Vickeblanka – Fate

3 out of 5

Label: Avex Trax

Produced by: ?

Kicking off with an impressive run of upbeat tracks, Vickeblanka’s Fate has some noted enhancements to the artist’s growing discography – some really wonderfully nuanced mixing, warm production, and a welcome rawness to some of Vicke’s singing – but post this opening run, the album hits its midway ballads and then doesn’t quite recover from “safe” tracks until its conclusion.

Even at first blush, Fate’s more immediate, dance-y works are less single-bound than past versions, but repeated go-rounds prove out that this is in favor of allowing for a lot of depth in these works.

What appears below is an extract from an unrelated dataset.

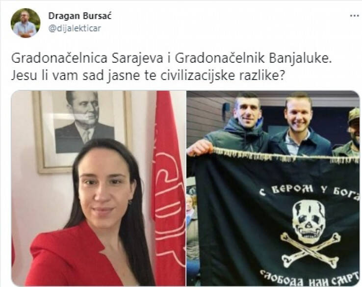 Poredeći fotografiju sarajevske gradonačelnice Benjamine Karić na kojoj pozira ispred portreta Josipa Broza Tita s fotografijom Draška Stanivukovića koji pozira s četničkom zastavom, Bursać je napisao:
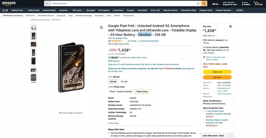 Der beste Preis: Google Pixel Fold erhältlich bei Amazon für 361 $ Rabatt

Vicke has become a truly impressive composer – besides being a talented singer and skilled multi-instrumentalist – bringing in a full range of electronic manipulations and blending them masterfully with lots of organic additions, without it being overwhelming. This is what effects that lack of a standout song, at first, but then makes the music open up the more you return to it. I’d even say this is true for most of the aforementioned ballads, but the album still has a tough time transitioning to these more stripped down affairs, starting with ミラージュ – which does pick up impressively at is goes along – and then to the piano-and-voice ‘Divided,’ which is pretty baseline boyband sad stuff. This latter track is notable for, I think, being Vicke’s first wholly English track, but musically, it’s not very interesting, even if I guess he’s required to do at least one of these type of songs per album. Followup Little Summer – Standalone goes back to the electronic, bouncier fare on which we opened, but it follows the trend of Divided of being less dense and rather predictable, it’s programmed beat nibbed from a half-dozen other club-adjacent tracks. Things swing back positively, though, with オオカミなら, which leans into the album’s warm production and delivers something that reminds of some of Vicke’s earlier works (tuberculin, Fearless-era) – very shiny, with more of an influence of classic American pop to it. ポニーテイル is somewhat milquetoast, but 天 zips it up with Wizard-style strings and a wonderful beat, leading to the moody outro, which is interestingly suggestive of some kind of deeper concept album we might get one day if Vicke can step outside of the J-pop radio-single requirements.

I skipped over track by track callouts on the openers – 蒼天のヴァンパイア and Death Dance being standouts – because they’re all of a superior, layered quality that stands quite above most of the album’s latter half. The latter half is not bad, by any means, it’s just uneven in comparison, and feels more generic at points.

Fate, on the one hand, shows a lot of stylistic maturity for Vicke, and is produced / mixed quite wonderfully. But for each step off the typical J-pop path he takes, he balances it out with something safer, leaving the album in a more average range overall.